Article: How Trauma Can Create Barriers to Students’ Engagement and the Need for Trauma-Sensitive Schools 

Publication: National Dropout Prevention Center/Network Newsletter

Publisher: National Dropout Prevention Center/Network

Publication Date: 2016 (Volume 26, Issue 2)

Related WestEd Author: Julie Nicholson

Related WestEd Program: Center for Child & Family Studies

Excerpt From Article Co-Authored by WestEd’s Julie Nicholson:

“Evidence shows early trauma negatively impacts children’s physiology and brain development. It can impair social, emotional, and cognitive capacities, including symbolic thought, language, memory, attention, and executive functioning which undermines self-regulated learning.
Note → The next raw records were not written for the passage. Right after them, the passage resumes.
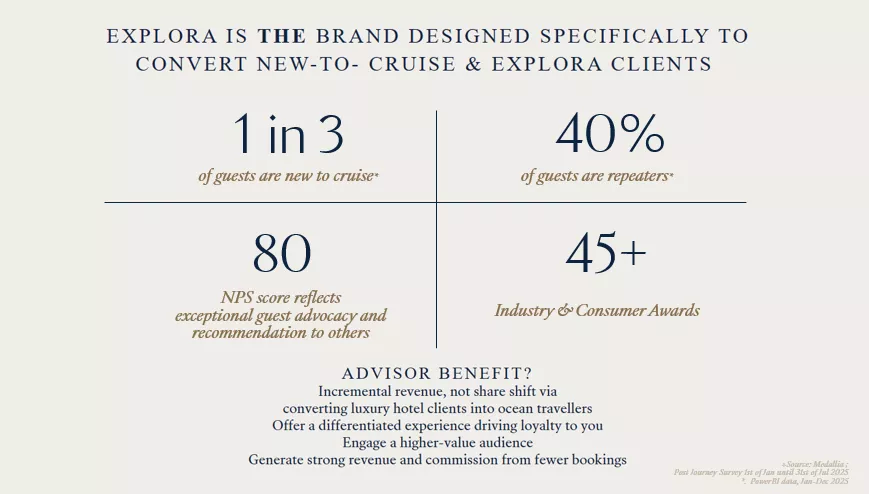 However, we know there is significant potential to create new bookings, particularly among clients who currently book only luxury land‑based escapes. Explora Journeys ships are positioned as luxury hotels at sea — destinations in themselves, not just transport.
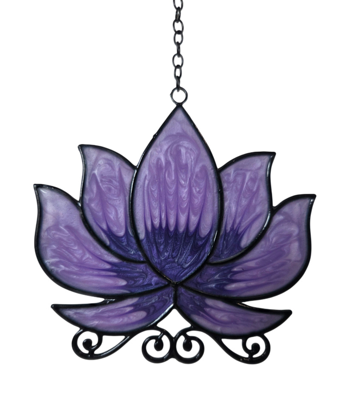 Raamhanger Lotus Paars 12 cmDeze raamhanger in de vorm van een lotusbloem is echt zo’n item dat meteen sfeer brengt zodra het zonlicht erop valt. Gemaakt van prachtig paars glas en subtiel omlijst met zwart metaal krijgt hij een stijlvolle en moderne…
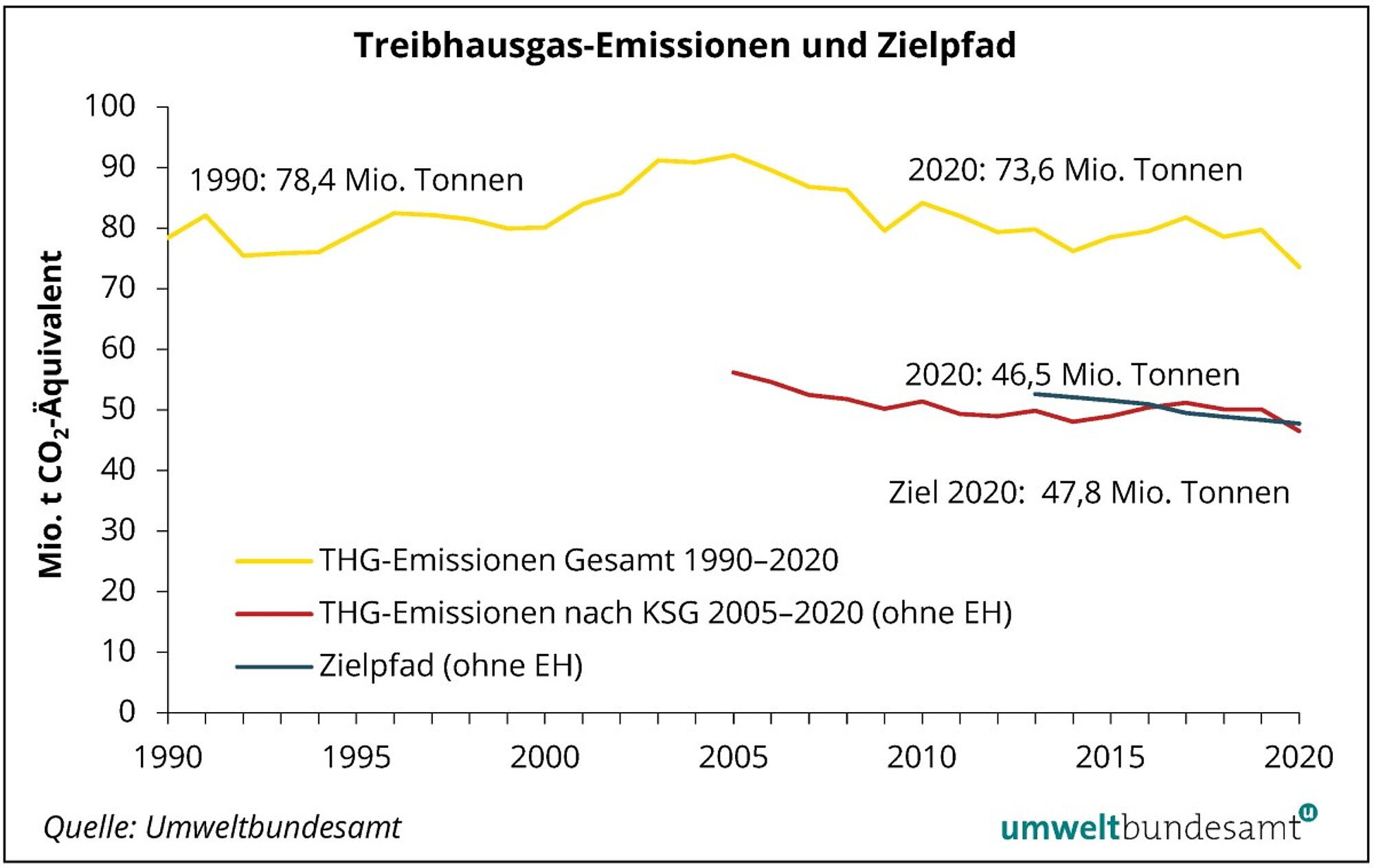 Die Treibhausgas-Emissionen in Österreich sind von 2019 auf 2020 um 7,7% gesunken und liegen bei 73,6 Mio. Tonnen CO2-Äquivalent, so die Treibhausgas-Bilanz des Umweltbundesamtes für das Jahr 2020. Das bedeutet ein Minus von rund 6,1 Mio. Tonnen im Vergleich zum Jahr 2019.

Children… who experienced relational trauma from the early loss of significant attachment relationships, often struggle with classroom demands. They are neurobiologically focused on survival and have neural wiring that is hypervigilant to perceived environmental threats. Their hypervigilance and frequent defense behaviors can interrupt their classroom performance when they are required to concentrate for long periods of time.

Using a trauma-sensitive lens, educators can enhance children’s ability to heal at school by offering frequent reassurances of their safety and by providing them with consistent and predictable routines throughout the day.”